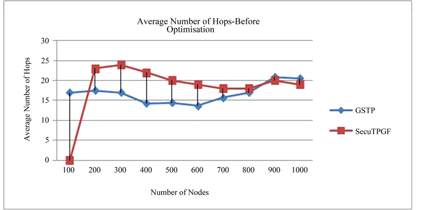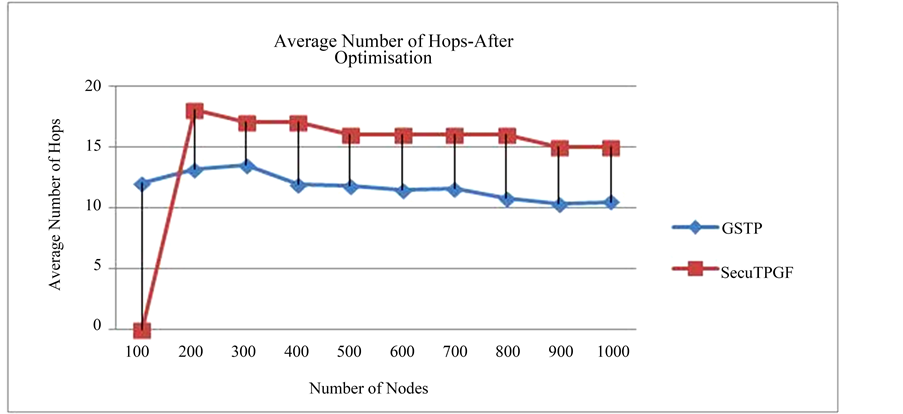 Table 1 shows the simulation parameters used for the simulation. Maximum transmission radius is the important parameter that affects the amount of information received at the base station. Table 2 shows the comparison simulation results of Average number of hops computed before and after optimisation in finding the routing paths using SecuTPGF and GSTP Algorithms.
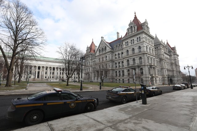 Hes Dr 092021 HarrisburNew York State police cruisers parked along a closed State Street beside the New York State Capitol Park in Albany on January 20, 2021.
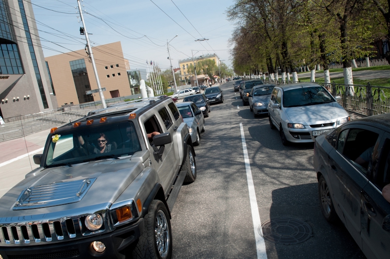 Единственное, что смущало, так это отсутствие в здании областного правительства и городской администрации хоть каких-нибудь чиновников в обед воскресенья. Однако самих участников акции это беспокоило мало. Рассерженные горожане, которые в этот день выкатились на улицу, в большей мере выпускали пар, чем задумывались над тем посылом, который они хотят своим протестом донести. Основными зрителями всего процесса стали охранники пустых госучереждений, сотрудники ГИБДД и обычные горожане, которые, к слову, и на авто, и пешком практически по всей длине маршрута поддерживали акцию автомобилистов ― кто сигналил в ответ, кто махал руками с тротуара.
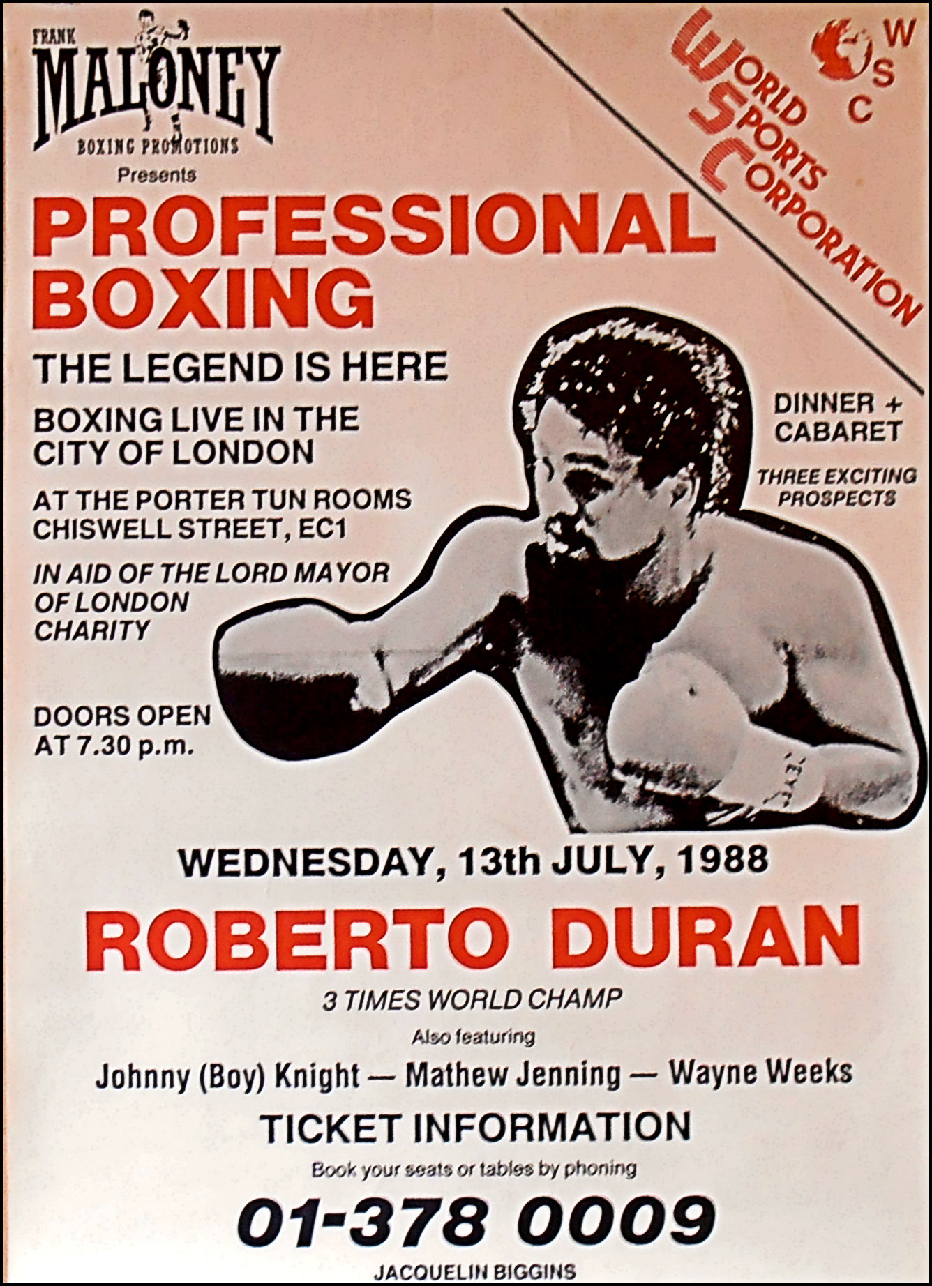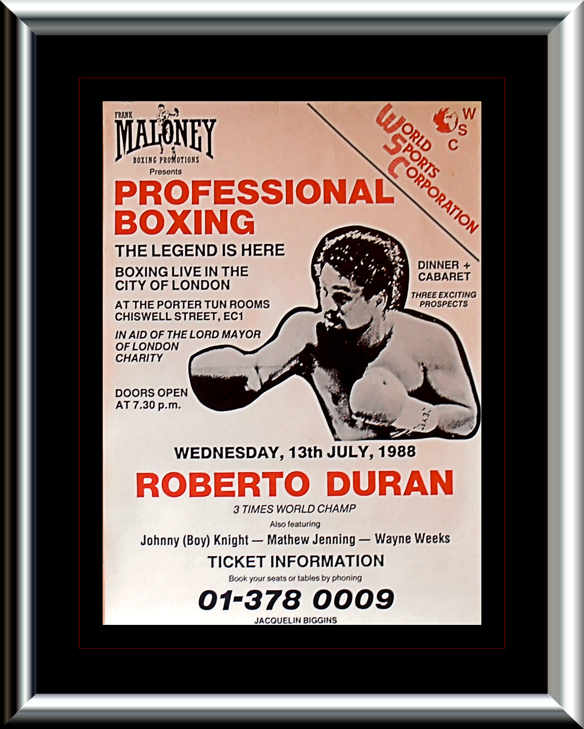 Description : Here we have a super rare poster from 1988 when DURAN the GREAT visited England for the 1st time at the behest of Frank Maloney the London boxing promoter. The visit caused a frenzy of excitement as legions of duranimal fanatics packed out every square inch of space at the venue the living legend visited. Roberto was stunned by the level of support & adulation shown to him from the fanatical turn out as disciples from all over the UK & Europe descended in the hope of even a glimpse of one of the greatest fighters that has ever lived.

*EXERCISE DESCRIPTION:*
From the top of the listing above, repeat each line exactly until you reach the line containing "Hes Dr 092021", and repeat that one too. Leave the pictures out.

*EXERCISE SOLUTION:*
 Table 1 shows the simulation parameters used for the simulation. Maximum transmission radius is the important parameter that affects the amount of information received at the base station. Table 2 shows the comparison simulation results of Average number of hops computed before and after optimisation in finding the routing paths using SecuTPGF and GSTP Algorithms.
 Hes Dr 092021 HarrisburNew York State police cruisers parked along a closed State Street beside the New York State Capitol Park in Albany on January 20, 2021.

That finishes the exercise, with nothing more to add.